**RECORDS FOR THE EXERCISE**.

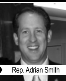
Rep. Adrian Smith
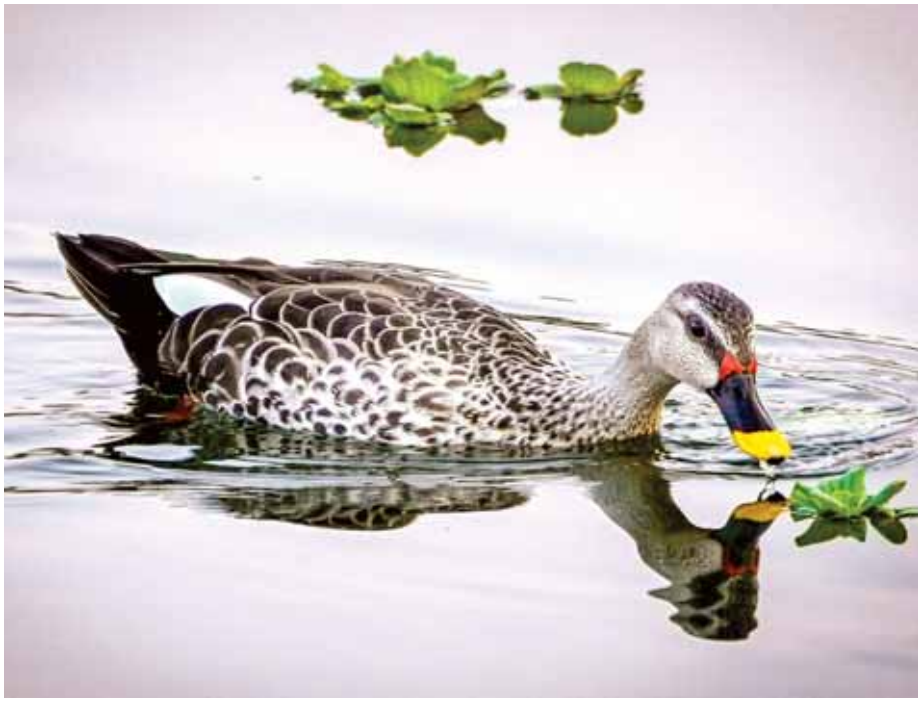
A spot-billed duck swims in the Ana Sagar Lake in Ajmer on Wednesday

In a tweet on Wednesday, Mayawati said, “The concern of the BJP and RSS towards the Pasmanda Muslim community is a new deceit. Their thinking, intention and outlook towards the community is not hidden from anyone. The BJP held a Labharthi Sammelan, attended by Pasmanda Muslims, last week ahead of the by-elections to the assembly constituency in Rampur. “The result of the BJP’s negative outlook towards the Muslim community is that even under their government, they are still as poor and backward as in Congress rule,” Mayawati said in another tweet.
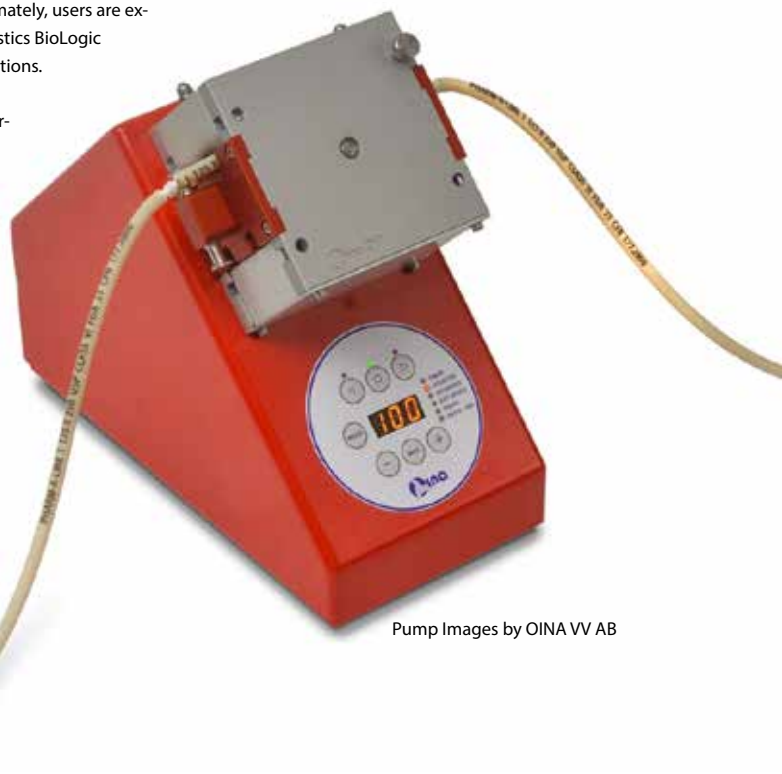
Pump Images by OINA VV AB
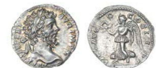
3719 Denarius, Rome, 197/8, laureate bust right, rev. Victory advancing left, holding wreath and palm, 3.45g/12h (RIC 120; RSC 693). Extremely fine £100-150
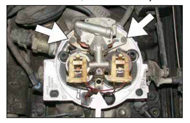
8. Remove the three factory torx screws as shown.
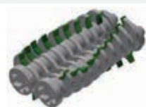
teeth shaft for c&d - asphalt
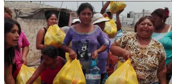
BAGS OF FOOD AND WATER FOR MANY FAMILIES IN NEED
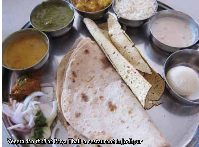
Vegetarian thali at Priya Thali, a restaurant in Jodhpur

**WORK TO COMPLETE**.
The answer must be a single number: how many lines of the data include the string "Wednesday".

**TASK RESULT**.
2